Road to Remembrance: Australians on the Western Front

DESTRUCTION: Australian troops passing the ruins of Ypres on the way to the front line October 25, 1917. PHOTO: AWM E04612
DESTRUCTION: Australian troops passing the ruins of Ypres on the way to the front line October 25, 1917. PHOTO: AWM E04612

Sergeant Simon Fraser, a farmer from Byaduk in Victoria’s Grampians, was rescuing the wounded in no-man’s-land for three days and nights after the Battle of Fromelles when he heard a voice crying out.

“Don’t forget me cobber.”

This moving image is depicted in a sculpture that recognises the bravery of stretcher bearers who risked their own lives to save others after the disastrous Battle of Fromelles—the first battle involving Australians on the Western Front in July 1916.

The bronze statue entitled ‘Cobbers’ stands in a park in northern France, adjacent to the VC Corner Memorial and Australian Cemetery.
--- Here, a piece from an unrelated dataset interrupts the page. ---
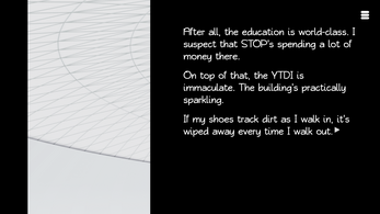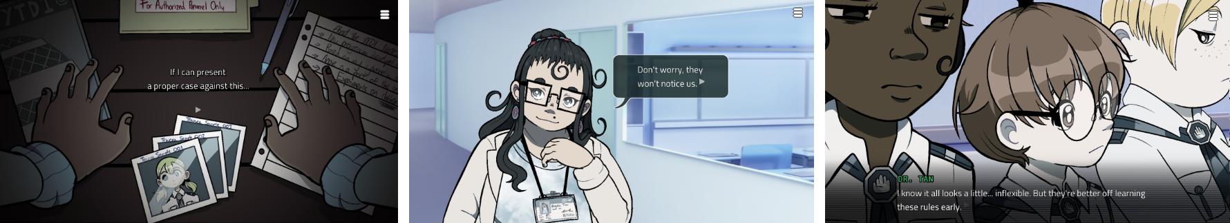 The writing hooked me from the get-go and did a good job at introducing me to this world and to the role STOP plays in it (I certainly want to check out malViolence now that I played this one!). And the way it escalated!! Starting out so smoothly with only its faint hints that something is off, and then never stopping to ramp up the intensity until its cathartic climax. I couldn't stop thinking that Dr. Deidre and Pavel's story would make my mom bawl her eyes out, it has such a poignant core about how children deserve care and dignity and the freedom to make their own choices - To not have their personality and desires stripped from them. I couldn't help but wonder if Deidre intuitively chose Pavel as a case study subject because his creative and headstrong tendencies reminded her of herself when she was a child.

The statue lists the names of 1299 Australians missing at Fromelles and contains the remains of 410 of these men.

Nearby is the Battle of Fromelles Museum and Pheasant Wood Military Cemetery where 250 soldiers, including 219 Australians, were reinterred after their remains were recovered from a mass grave in 2009.

The story of Fromelles – and Simon Fraser – is just one of many told at the sites that make up the Australian Remembrance Trail along the Western Front.

The commemorative trail links new and upgraded museums, battlefield sites, cemeteries and memorials that are important to understanding the Australian experience during the First World War.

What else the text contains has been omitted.